SA Bugzilla – Bug 4095
Using Bayesian Filters to score rules
Last modified: 2005-01-24 01:25:18 UTC
I want to throw out a thought. I think we can get rid of scores for rules and let a bayesian filter do automatic scoring. Here's how it would work. We keep the rules with an indication as to if the rule is initially a black or white rule. As the initial messages come in they are evaluated against the rules and a list of triggered rules are fed into a SEPARATE bayesian filter that is only used to score rules. If the message is sufficiently extreme ham or spam then the message is autolearned by ALL the bayesian filters. Once the system is trained then the bayesian filter for the rules is what generates the score. We also have to rethink the idea of scores because scores will be a fraction between 0 and 1 instead of points that are added or subtracted. The result is not a yes or no but rather a fraction that indicates how spammy or hammy the message is. This result can be used to decide what to do with the message. On my system I have got away from the "this is spam" model. I have many classifications. ham - autolearned nonspam - not spam - but not sure enough to autolearn low-spam - this is probably spam - but a few false positives end up here high-spam - these messages are bounce to the sender - autolearned veryhigh-spam - these message are just dropped so as not to become bounce spam - autolearned pure-trash - I drop these at connect time The idea is that the scoring of these rules are automatic based on the reliability of the hits on these rules - and - the score varies from server to server based on the kind of spam and ham received. After the filter is trained you can write any rule you want and if you write a good rule - it will develop a good score. Rules that score in the middle can be automatically culled. This bayesian filter is separate and apart from the other bayesian filters. The other bayesian filters report to this filter with their (fractional) results and are also automatically evaluated. I'm getting lose to 99.9% accuracy with the tricks I'm doing so far. This one can really kisk the accuracy up there - but it requires a significal shift in the way you think about spam and scoring.

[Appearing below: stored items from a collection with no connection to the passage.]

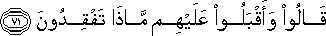 | 12.71 | They cried, coming toward them: What is it ye have lost? | Qālū Wa 'Aqbalū `Alayhim Mādhā Tafqidūna |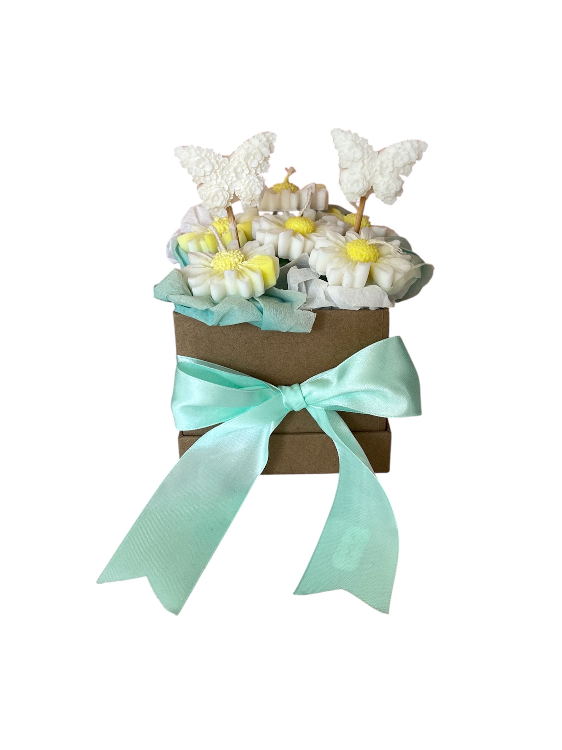 Χειροποίητο, μεγάλο, αρωματικό μπουκέτο λουλουδιών από 100% φυτικό κερί σόγιας, στο άρωμα της επιλογής σας. Σε καφέ τετράγωνο κουτί, με μαργαρίτες και πεταλούδες από κερί σε λευκό χρώμα. Ιδανικό για δώρο ή διακόσμηση.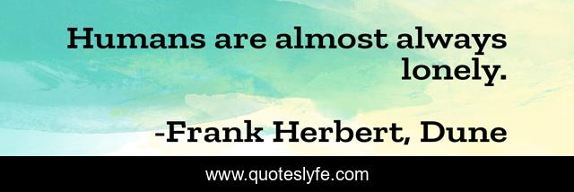 "Frank Herbert, Dune Quotes." Quoteslyfe.com, 2025. Sat. 06 Dec. 2025. <https://www.quoteslyfe.com/quote/Humans-are-almost-always-lonely-139236>.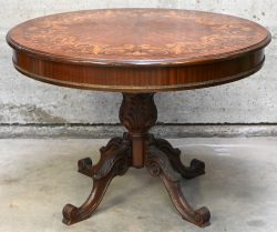 #106Een gemarquetteerde ronde tafel in Victoriaanse stijl op centrale voet.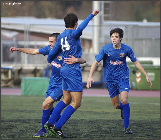 Empezamos mal, bastante mal, pero nos bastaron ocho minutos para darle la vuelta al partido y hacernos los dueños del mismo. En los primeros compases del encuentro donde cada equipo busca posicionarse e intenta controlar el juego, nos cayó el primer jarro de agua fría. Era el minuto 12 y un gol “tonto” y de fortuna para el Zumaiako nos ponía por detrás en el marcador, 0-1. Quedaba mucho partido por delante y no había que agobiarse, intentamos hacer nuestro juego sabedores de que funciona, pero nuestro rival se había animado con el gol y nos hacia unas contras rápidas con mucho peligro. Solo tres minutos después del gol casi consiguen el segundo. Nosotros estábamos descolocados, llegábamos tarde a los rechaces llevándoselos la mayoría de ellos nuestros rivales. Nuestros pases eran imprecisos y constantemente regalábamos el balón. El Zumaiako lo veía y lo aprovechó, en el minuto 36 marcaba su segundo gol, esta vez de bonita factura, 0-2. Este gol nos dejo más noqueados y deseando que llegase el descanso para ver si seríamos capaces de “resetearnos” y jugar a futbol. Y algo debió pasar en ese vestuario, de alguna forma el equipo se conjuró porque fue salir y comenzar a morder. Nada más arrancar con el balón ya nos presentamos en la portería rival, pero fue a los tres minutos cuando marcamos el primero de los goles de esta remontada. Gartzi centra desde la banda derecha y es Aritz el que empuja el balón al fondo de las mallas, 1-2. Las caras eran otras y el ánimo también. Fue sacar del centro y volver a la carga, Jon se va por la izquierda y cuelga un balón al centro del área donde llega Gartzi en un salto “olímpico” y golpea con el interior sin que el portero rival pueda hacer nada, 2-2. Ahora ya no eran solo las caras y el ánimo, ahora se notaba en la mirada de los nuestros que querían más, la maquinaria había empezado a funcionar. Solo tuvieron que pasar otros cuatro minutos, en el 56, para que Jon hiciese saltar de júbilo a la afición, a sus compañeros y hasta a un señor de Murcia que pasaba por allí. Ierai y él se van por el medio y tras un rechace es Jon el que golpea consiguiendo el tercer gol, 3-2. ¡¡¡UNA PASADA!!! Solo habían pasado ocho minutos y ya ganábamos… El Zumaiako no se lo creía, se miraban unos a otros como preguntándose: ¿Esto como se para?. Seguimos atacando y haciendo nuestro juego mientras que nuestro rival se echaba para arriba a intentar empatar. En esos momentos es cuando les pillábamos a la contra y a punto estuvimos de aumentar la ventaja. Fue en el minuto 82 cuando esa ventaja se incremento. En una de esas contras hacen penalti sobre Gartzi y es Jon el que lo lanza marcando el cuarto gol, 4-2. Quedaban los minutos de la basura y final. Alegría por todo lo alto viendo lo que podemos hacer si no bajamos los brazos y seguimos luchando. Enhorabuena chavales. Seguimos líderes y el próximo partido lo jugamos en Elgoibar. Van quintos en la tabla a once puntos y no será partido fácil. Además tenemos el componente de las pistas de atletismo con el que saben “jugar” en el caso de ir ganando. Veremos lo que pasa. Para ver las fotografías del partido, Hacer “clic” en la imagen.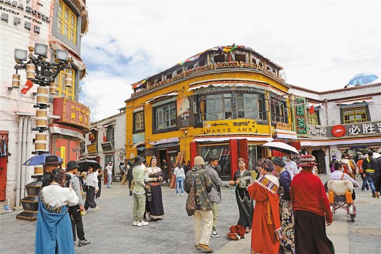 在這里,有林芝工布公園經(jīng)久不息的鍋莊舞、阿里獅泉河兩岸休閑散步的市民、山南昌珠廣場夜間文化和旅游消費集聚區(qū)的喧囂……這里匯聚著高原360多萬各族群眾的鮮活生活之美。
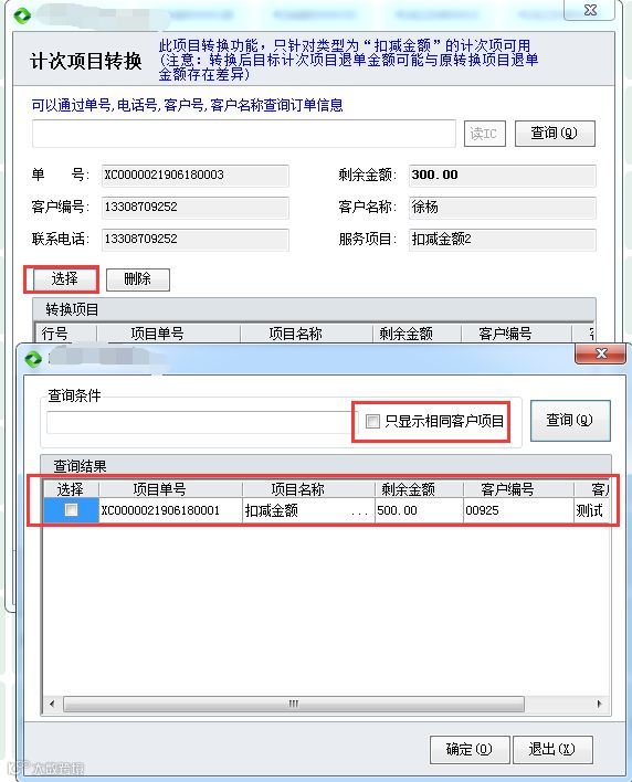 勾选只显示相同客户项目,查询出来的项目就只是自身的,不勾选就默认显示出所有充值过消费金额的计次项目。

BTW - if we can come up with a way to do it - I'd love to challenge anyone here to a spam filtering contest. Marc Perkel
Thanks for your suggestions, but we really need working SA code to evaluate something elaborate like this. Similar ideas have been discussed before, but I don't believe the improvement was statistically significant. And no code...
Subject: Re: Using Bayesian Filters to score rules I know it would take a massive change - but I believe it will be worth it. I have been testing using a second bayesian filter and the results are incredable. The second filter is spamprobe - but I'm feeding it just the headers and from the body of the message only the links, phone numbers, and email addresses. And it is close to 100% accurate especially wherethe normal bayes filter fails. It is working so well that I believe that this could easilly be adapted to score only rules. I know it's going to take time to warm up to the idea. I figure if I start talking about it now that in two years everyone will finally get it. ;) But - it is a different way of thinking about things - and - you do have to roll it around in your mind for quite a while before you see the big picture. I think I could probably cobble something together out of spamprobe and a little perl to try it out. I'll let you all know if I get it working. If I do - then you smart folks can go back and do it right.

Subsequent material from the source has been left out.